O brasileiro é uma sopa de letrinhas. Penso em mim mesmo e
descubro um pequeno volteio pela Europa. Das descendências conhecidas, é
perfeitamente possível depreender outras. Senão vejamos: dos ascendentes espanhóis,
é lícito supor que façam parte dos povos mouros que vieram do Oriente Médio,
via norte da África. Já dos italianos, há a denúncia da origem francesa pelo
sobrenome. Pelo lado armênio, é conjecturável que se traga mais raízes
asiáticas, além de alguma coisa eslava. Isso porque minha ascendência é simples
e bem conhecida. Se for falar da patroa, os caminhos são ainda mais tortuosos,
porque vai incluir uma boa parte de ascendentes de origem desconhecida, vindos
dos povos autóctones da América, dos lobos da estepe da Rússia e até com alguma
semente da África subsaariana.
Esse é o mundo, um grande gral onde são maceradas culturas e
etnias, cada vez mais imbricados por conta das facilidades do meio digital.

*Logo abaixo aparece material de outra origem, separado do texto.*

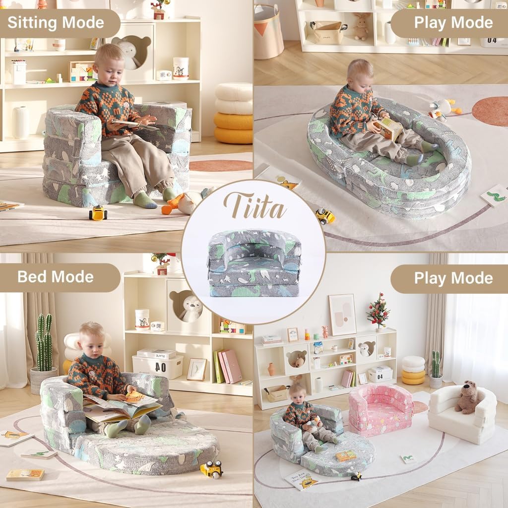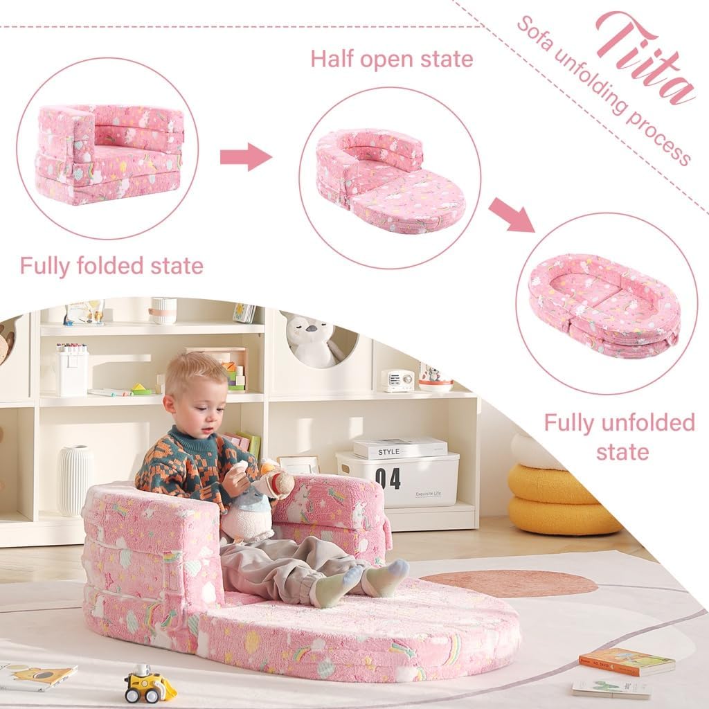 This fluffy toddler chair offer the flexibility to adapt to different situations. With a simple fold, they can effortlessly convert between a traditional sofa and a lounger, accommodating various seating preferences or transforming playtime into relaxation time. Toddler armchair cover is made of safe & skin-friendly durable cotton, we've utilized upgraded high-density sponge to enhance the durability and reliability of the kids chair, ensuring optimal protection for your child.
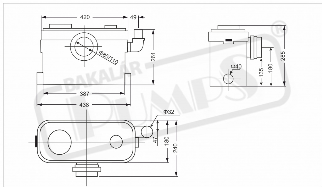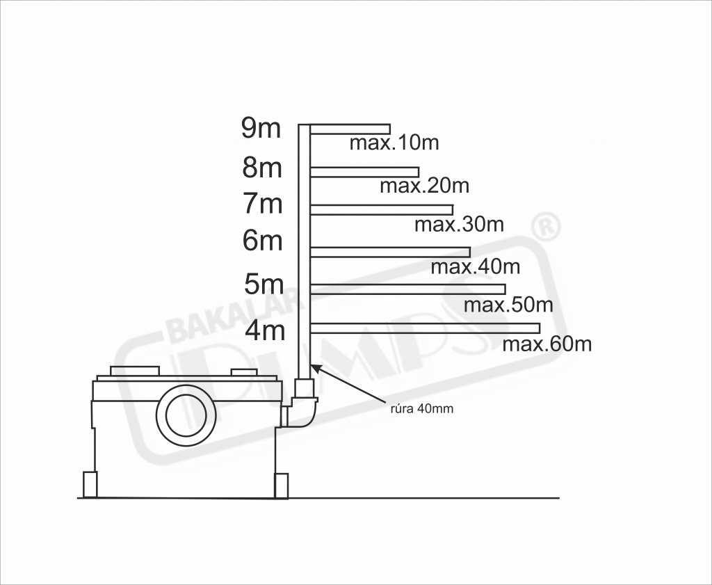SANIBO is een uniek compact pompstation dat de afvoer van elk sanitair in huis mogelijk maakt, wanneer nodig, onafhankelijk van het zwaartekrachtafvoersysteem. De unit onderschept en pompt afvalwater door een dunne drukbuis (>23mm) naar de dichtstbijzijnde lagere buis tot 9m hoogte of een afstand van 60m.
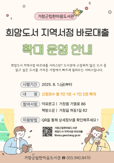 [뉴스스텝] 거창군은 오는 8월 1일부터 ‘희망도서 지역서점 바로대출 서비스’의 월 도서 신청 권수를 기존 1인 1권에서 2권으로 확대 운영한다.

Somos metáforas da globalização, e isso nos ajudará a entender o quanto este
conceito tem sido usado de maneira pouco esclarecida.
Isso tudo porque, de uns tempos para cá, certos termos foram
colocados em um mesmo cartucho e chacoalhados todos juntos, como se um fosse
consequência do outro, ou como se fossem coisas associadas, o que não são. Eu
mesmo já fui "acusado" de uma série de coisas, dentre as quais de
petista e comunista, coisas
que eu não sou. Também já me disseram que eu sou prosélito do ateísmo e com
tendências muçulmanas. Se isso não é uma contradição, nada mais é. E,
principalmente, me acusaram do supremo crime de ser "defensor dos direitos
humanos". Como assim, uma pessoa pode ser defensora dos direitos humanos?

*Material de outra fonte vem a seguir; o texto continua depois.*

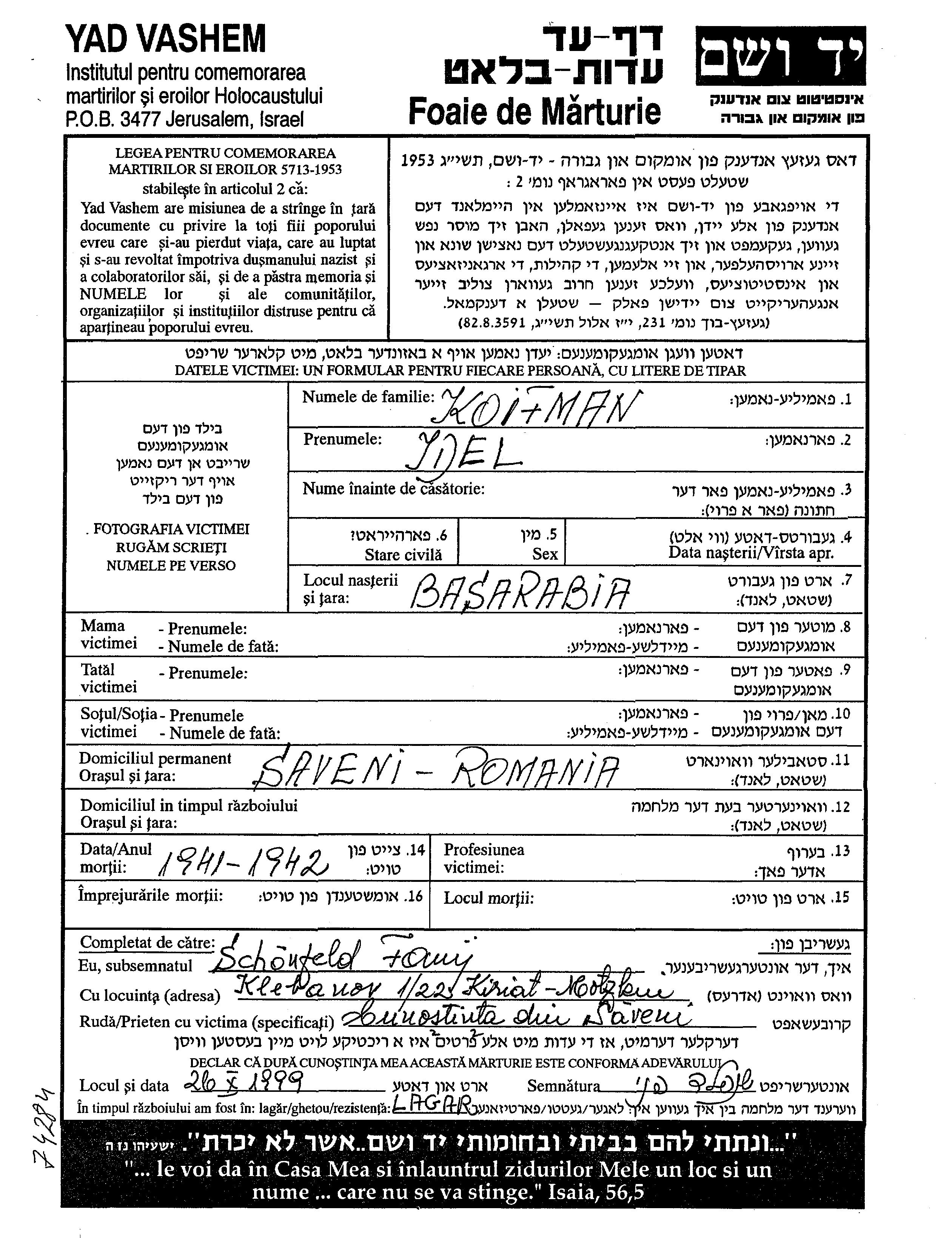 Koifman Idel Saveni, Roumanie Feuille de témoignage

Penso eu que, por ser da área de humanas, já automaticamente me colocam em uma
gaveta onde os lenços são sempre os mesmos, não vejo outro motivo para isso.

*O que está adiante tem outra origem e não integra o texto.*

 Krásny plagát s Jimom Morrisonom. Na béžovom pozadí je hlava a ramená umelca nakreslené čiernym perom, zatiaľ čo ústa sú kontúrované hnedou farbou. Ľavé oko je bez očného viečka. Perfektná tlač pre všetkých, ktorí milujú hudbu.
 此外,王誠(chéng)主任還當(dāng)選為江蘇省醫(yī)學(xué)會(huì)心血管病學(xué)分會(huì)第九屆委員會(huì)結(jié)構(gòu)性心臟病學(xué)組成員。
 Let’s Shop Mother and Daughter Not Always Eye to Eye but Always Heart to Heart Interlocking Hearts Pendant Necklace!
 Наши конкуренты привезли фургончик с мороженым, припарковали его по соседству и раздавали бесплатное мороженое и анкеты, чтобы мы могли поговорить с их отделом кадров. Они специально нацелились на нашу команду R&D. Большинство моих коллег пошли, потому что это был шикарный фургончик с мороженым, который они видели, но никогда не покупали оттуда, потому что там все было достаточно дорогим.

Isso tudo costuma vir acompanhado de vociferações contra um
tal de globalismo, a adesão a um suposto projeto de globalização. Bom, quem
fala sobre isso não sabe do que está falando. Portanto, nada me resta a não ser
acrescentar um capítulo a esta série. Afinal de contas o que a globalização é e
o que ela não é?
O que é?
A globalização é um fenômeno histórico que observa como o
mundo como um todo tem se tornado cada vez mais integrado e independente de
fronteiras. Não se trata de uma ideologia ou de uma tendência política, mas de
uma constatação histórico-sociológica de um fenômeno que ocorreu a partir do
momento em que a humanidade passou a dispor de meios de integrar seus
diferentes territórios. Portanto, o termo globalização é passivo: surgiu a
partir da constatação de um fenômeno, e não de uma construção ideológica.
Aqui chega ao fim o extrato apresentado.